Bulls back in action as Nifty ends above 13,000 for the first time

The record rally continued on the Dalal Street on November 24 with benchmark indices ending at record high and Nifty ending above 13,000 for the first time. The BSE Sensex was up 445.87 points, or 1.01%, at 44,523.02, and the Nifty up 128.70 points, or 1%, at 13,055.20.

“Market is inching higher with more confidence that COVID-19 vaccine will be available in India soon. It can provide an advantage to India compared to the rest of the world. While, foreign inflows have already broken to a new high on a monthly basis, due to risk on strategy on healthier EMs like India,” said Vinod Nair, Head of Research at Geojit Financial services.

“Recently, broader market, including Mid & Small caps indices, started to perform better which may continue in the short-term as large caps look expensive post the solid rally from COVID-low,” he added.

Among sectors, the Nifty Bank Index jumped 2.4 percent and auto, metal and pharma indices rose 1 percent each.

Broader markets underperformed the benchmarks – BSE midcap rose 0.6 percent and smallcap index gained 0.9 percent.

Adani Ports, Eicher Motors, Axis Bank, Hindalco and M&M were among major gainers on the Nifty, while losers were Titan Company, HDFC, BPCL, Bharti Airtel and Shree Cements.

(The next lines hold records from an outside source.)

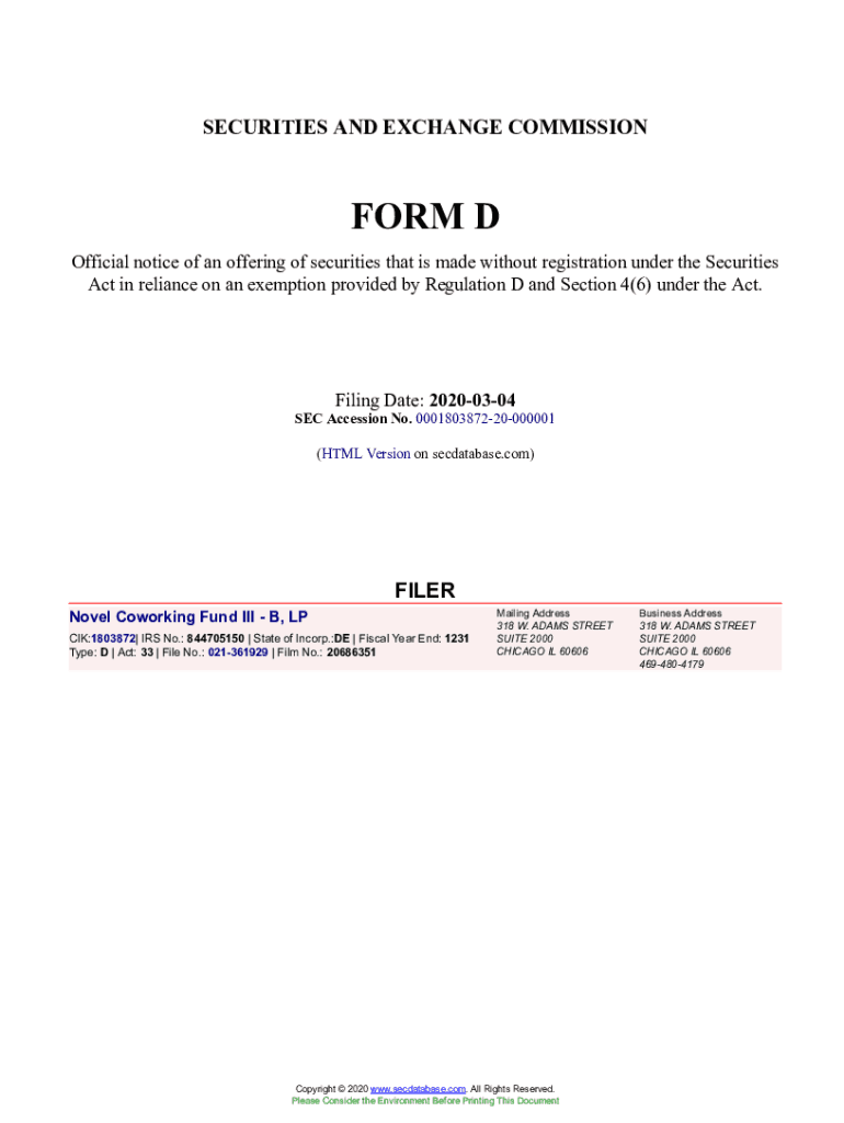 Get the free Novel Coworking Fund III - B, LP Form D Filed 2020-03-04
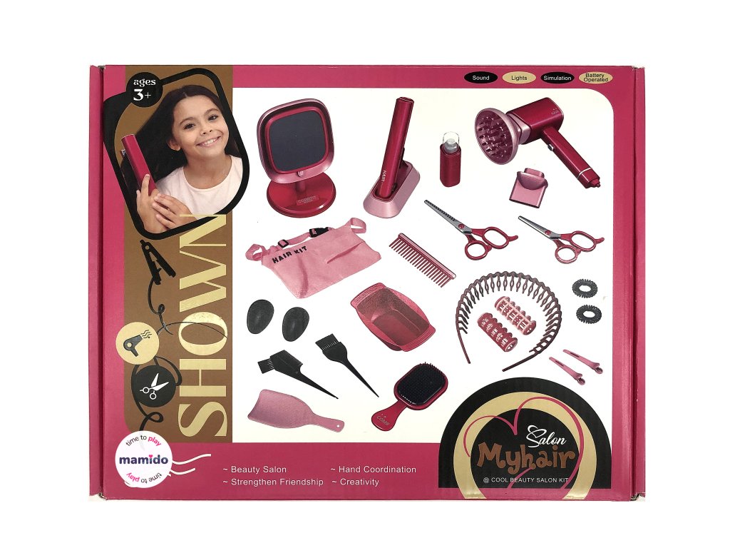Set je izvrsna igračka za razvoj dječje mašte, fine motorike i igre na zanimanje. Sušilo za kosu emitira realne zvukove i svjetlosne efekte, što donosi još više zabave. Zahvaljujući raznolikom priboru, djeca se mogu sama ili s prijateljima igrati frizerskog salona.
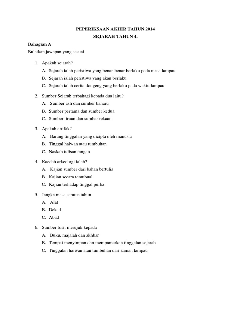 For more information and source,. Soalan sejarah peperiksaan akhir tahun 6 penting untuk anda download soalan soalan untuk menjadi bahan latih tubi anda dalam persediaan menghadapi peperiksaan upsr tahun ini tidak lama lagi. Soalan sejarah tahun 4 ,tahun 5 dan tahun 6. Koleksi soalan peperiksaan akhir tahun pat tahun 6 jawapan k. Sejarah tahun 6 bahagian a ( soalan objektif ) arahan: Soalan pat sejarah kssr tahun 5 2015 1. Telunjuk lurus kelingking berkait maksud tema amalan kitar semula di malaysia teka teki susah sekali dengan jawapan teks perbualan bahasa arab di pasar teka teki dan. Kepada ibu bapa guru guru dan pelajar yang terlibat bolehlah merujuk kepada kalendar sekolah yang berkenaan untuk memastikan. Kertas soalan ini mengandungi 25 soalan. « newer post older post ». Koleksi soalan peperiksaan akhir tahun pat tahun 5 jawapan k. Klik butang download dibawah untuk muat turun. Kertas soalan bahagian a berbentuk objektif dan anda dikehendaki menjawab semua soalan yang diberi dengan jawapan yang tepat.
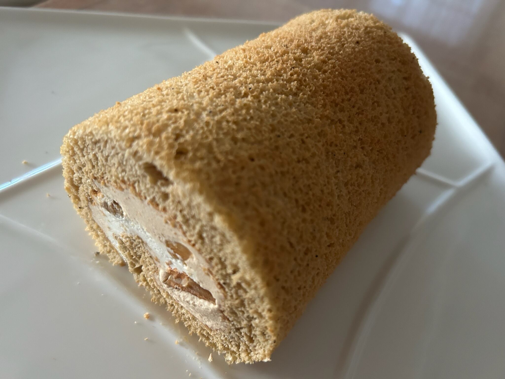 香ばしいクルミとキャラメルクリームを、コーヒー風味のロール生地で巻きました。
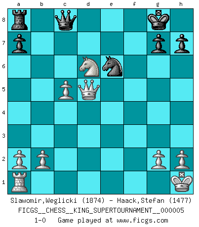 Last move : 1-0 2019 April 24 18:18:32 [Event "FICGS__CHESS__KING_SUPERTOURNAMENT__000005"] [Site "FICGS"] [Date "2019.03.01"] [Round "1"] [White "Slawomir,Weglicki"] [Black "Haack,Stefan"] [Result "1-0"] [WhiteElo "1874"] [BlackElo "1477"] 1.e4 e5 2.f4 exf4 3.Nf3 d5 4.exd5 Nf6 5.c4 c6 6.d4 cxd5 7.c5 Nc6 8.Bxf4 Bg4 9.Bb5 Be7 10.O-O O-O 11.Qa4 Qc8 12.Bxc6 bxc6 13.Ne5 Bd7 14.Nc3 Nh5 15.Nxd5 cxd5 16.Qxd7 Nxf4 17.Qxe7 Ne2+ 18.Kh1 Nxd4 19.Rxf7 Rxf7 20.Qxf7+ Kh8 21.Qxd5 Ne6 22.Nf7+ Kg8 23.Nd6 1-0 This chess game has been lost on time (started : 2019.03.01 23:14:54) KGA : Abbazia defense, Modern variation Kingside Castling by player White (move 10) Kingside Castling by player Black (move 10) Player White won this chess game. Follow this game move after move (download)Fischer is completely natural. He plays no roles. He's like a child. Very, very simple. (Zita Rajcsanyi) Schach ist eine Sache der genauen Beurteilung, wann man zuschlagen und wann man sich ducken muss. (Robert James Fischer) El Ajedrez, como la música, como el amor, tiene el poder de hacer feliz a la gente. (Siegbert Tarrasch) Karpov est une pièce de musée. (Garry Kasparov) I couldn't make any sense out of what this particular thread is about. It sounds like R2 D2 computer speaking. A space fight ?!? Some 'command' problems in Moscow ? Some killers & narcotic addicts attacking some game & a god wannabe ?? (Dinesh De Silva, lost in a russian conflict in FICGS forum)

Also Read – Gainers & Losers: 10 stocks that moved the most on November 24

Stocks & sectors

All the sectoral indices ended in the green. BSE Bank index rose 2.3 percent and auto, metal, realty, FMCG and healthcare indices gained 1 percent each.

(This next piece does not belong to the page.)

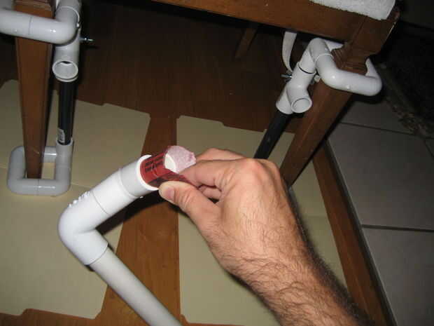 - Si sus sillas son significativamente más altos que los míos, la barra puede no ser lo suficientemente alta. Intente usar las canalizaciones verticales más largas.
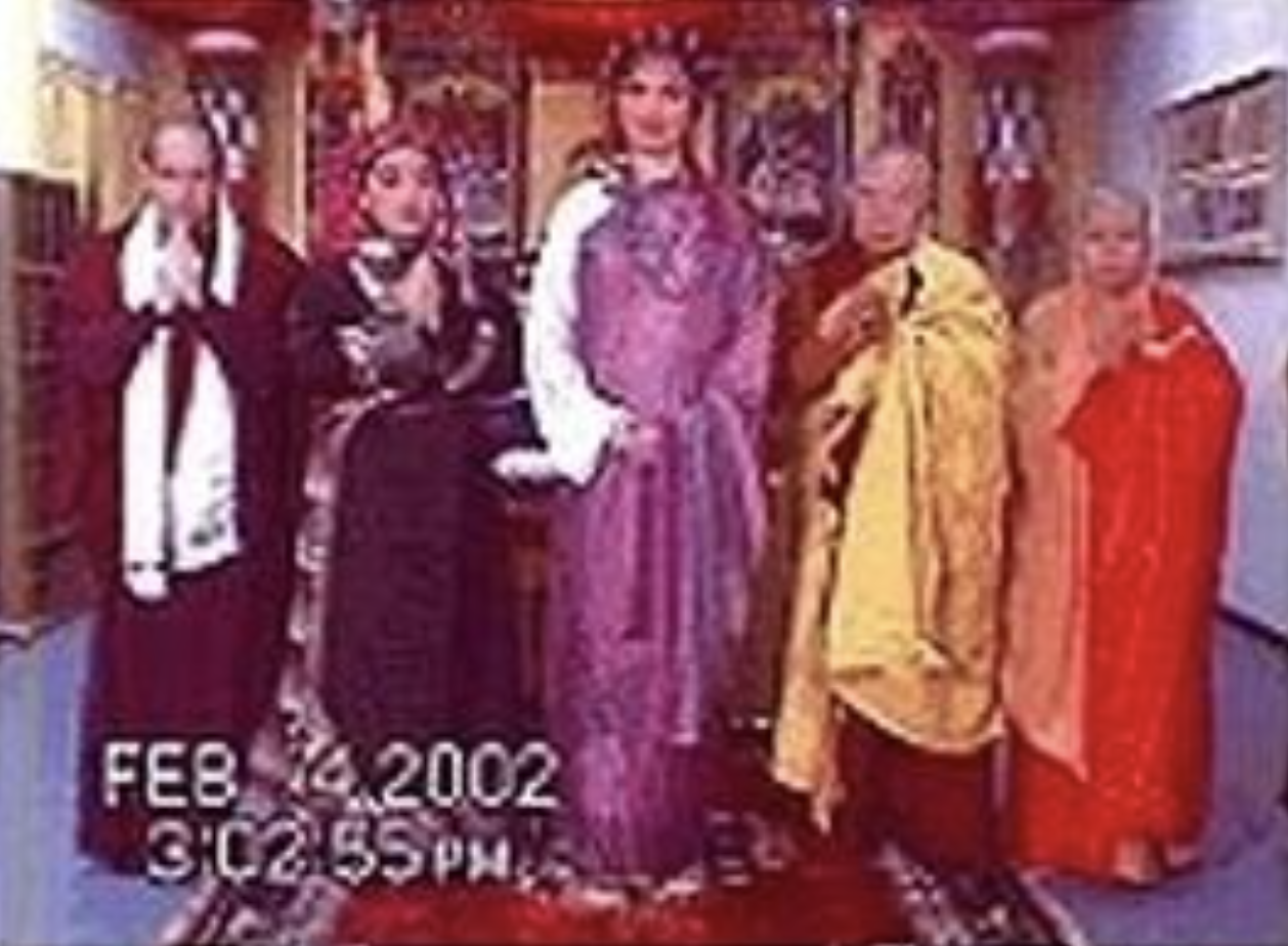 圖說:出生於西藏雪域,以美神著稱於世的女法王阿王諾布帕母(正中)御駕洛杉磯義雲高大師國際文化基金會,來自西藏雪域的傑出女大活佛阿寇娜摩仁波切(左二)、美國密宗總會主席聞名於世的唯一漢人格西洛桑珍珠大活佛(右二)、來自台灣高雄的清涼山妙崇寺住持宏安大法師(左一)、白人藏密活佛波迪溫圖仁波切(右一)等人在場接受灌頂傳法加持。

A volume spike of more than 100 percent was seen in RBL Bank, Canara Bank and BHEL.

Long buildup was seen in RBL Bank, Tata Power and Page Industries while short buildup was seen in TVS Motor, BHEL and Pidilite Industries.

More than 100 stocks hit a fresh 52-week high on the BSE, including Adani Green, Chambal Fertilisers and DHFL.

Technical View

Despite new life time highs, at this juncture momentum is clearly favouring bulls, as Nifty50 managed a close above psychological resistance point of 13k levels.

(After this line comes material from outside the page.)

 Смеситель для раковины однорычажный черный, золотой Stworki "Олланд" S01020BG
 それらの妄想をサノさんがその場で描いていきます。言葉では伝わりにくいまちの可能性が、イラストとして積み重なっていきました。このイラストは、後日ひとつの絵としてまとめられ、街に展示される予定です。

“This itself may become the reason for further upmove for next couple of trading sessions which may initially expand the rally towards 13200 levels,” said Mazhar Mohammad, Chief Strategist–Technical Research & Trading Advisory at Chartviewindia.in.

“Traders are advised to remain cautious as this rally may get choked at any point in time as revealed by some of the momentum oscillators which failed to make new swing highs along with price chart thereby displaying some sort of negative divergence with a lower top,” he added.